“Ahoy!” he shouted. “Ahoy there! Who is it? Where are you?”

“Help!” came the calls again—and nearer. “Help!”

“Look out!” roared Seth, peering excitedly over his shoulder into the dark. “Where are you? Look out or you'll be afoul of . . . Jumpin' Judas!”

For out of the fog loomed a bulky shape driving down upon him. He pulled frantically at the oars, but it was too late. A mast rocked against the sky, a stubby bowsprit shot over the dory, and the little boat, struck broadside on, heeled to the water's edge. Seth, springing frantically upward, seized the bowsprit and clung to it.
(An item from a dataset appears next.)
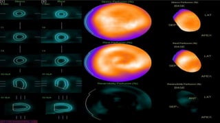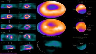 The document presents an overview of nuclear cardiology, emphasizing its role in assessing coronary heart disease and future heart attack risks through procedures like MUGA and MPI. It details case studies, patient preparation, testing protocols, and the efficacy of angioplasty and stenting in restoring blood flow to ischemic myocardium. The conclusion highlights the positive outcomes of intervention treatments in improving heart function.

The dory, pushed aside and half full of water, disappeared. From the deck behind the bowsprit two voices, a man's voice and a woman's, screamed wildly.
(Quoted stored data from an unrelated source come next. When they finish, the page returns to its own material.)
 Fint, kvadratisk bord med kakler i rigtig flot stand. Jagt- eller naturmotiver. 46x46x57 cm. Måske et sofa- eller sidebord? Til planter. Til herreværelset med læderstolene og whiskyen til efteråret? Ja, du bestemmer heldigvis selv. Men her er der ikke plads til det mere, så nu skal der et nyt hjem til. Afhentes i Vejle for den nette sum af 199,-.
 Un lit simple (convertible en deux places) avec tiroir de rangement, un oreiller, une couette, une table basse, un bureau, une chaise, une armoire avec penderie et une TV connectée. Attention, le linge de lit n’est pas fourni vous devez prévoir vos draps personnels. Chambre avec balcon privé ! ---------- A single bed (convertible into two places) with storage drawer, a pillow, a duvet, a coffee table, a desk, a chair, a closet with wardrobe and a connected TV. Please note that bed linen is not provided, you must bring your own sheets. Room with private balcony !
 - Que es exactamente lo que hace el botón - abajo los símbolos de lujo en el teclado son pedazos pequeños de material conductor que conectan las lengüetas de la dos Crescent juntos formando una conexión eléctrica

Seth did not scream. Clinging to the reeling bowsprit, he swung up on it, edged his way to the vessel's bows and stepped upon the deck.

“For thunder sakes!” he roared angrily, “what kind of navigation's this? Where's your lights, you lubbers? What d'you mean by—Where are you anyhow? And—and what schooner's this?”

For the deck, as much as he could see of it in the dark, looked astonishingly familiar. As he stumbled aft it became more familiar still. The ropes, a combination of new and old, the new boards in the deck planking, the general arrangement of things, as familiar to him as the arrangement of furniture in the kitchen of the Lights! It could not be . . . but it was! The little schooner was his own, his hobby, his afternoon workshop—the Daisy M. herself. The Daisy M., which he had last seen stranded and, as he supposed, hard and fast aground! The Daisy M. afloat, after all these years!

From the stern by the cabin hatch a man came reeling toward him, holding to the rail for support with one hand and brandishing the other.

“Help!” cried the man wildly. “Who is it? Help us! we're drowning! We're . . . Can't you put us ashore. Please put us . . . Good Lord!”

Seth made no answer. How could he? The man was Bennie D.